Personally, I aim to get at least 50g a day, but don't worry about it once I hit that mark. To find your RDA (recommended daily amount) of protein in GRAMS, multiply your body weight by .36 (not .8, that would give you the RDA in MICROGRAMS)
SOURCES! OMG!
http://www.pcrm.org/search/?cid=251
http://www.medicinenet.com/script/main/art.asp?articlekey=509000 -
I have been informed by my trainer that a healthy daily serving of protein for a woman is 64g. Basically protein builds muscle, and muscle burns fat. So the more muscle you have, the more fat you are likely to burn in a workout!
I would say it is safe to assume, that others saying, "eat your weight in protein" are trying to build huge muscles.
From my own experience of greater protein intake, (more than 150g daily) I was building muscle to the extent of gaining muscle weight.
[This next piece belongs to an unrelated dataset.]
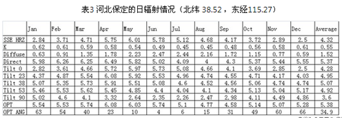 而通过NASA提供的的河北保定的日辐射情况显示,日平均满值小时数,水平面上是4.32小时,以向南34.9度倾斜是5.38小时。考虑系统损耗下的多年发电小时数约为1300-1600小时。
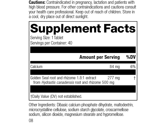 Each Serving Size (1 Tablet) contains: Calcium 84 mg, Golden Seal root & rhizome 1.8:1 extract 277 mg (from Hydrastis canadensis root and rhizome 500 mg). Other Ingredients: Dibasic calcium phosphate dihydrate, maltodextrin, microcrystalline cellulose, sodium starch glycolate, croscarmellose sodium, silicon dioxide, magnesium stearate and hypromellose.

By lowering my protein intake back down to a "healthy" amount, I have began to see the scale move down again!
I am by no means a dr. So my knowledge, is solely based on things that have worked for me! Best of luck in your weight loss journey!0 -
Tuna, chicken, steak, and protein powder will get you there and more. You need it to keep your muscles from melting off in your effort to lose weight. You need to keep your mucles so that they will help burn the fat. You burn the muscle off and it's harder to lose the fat.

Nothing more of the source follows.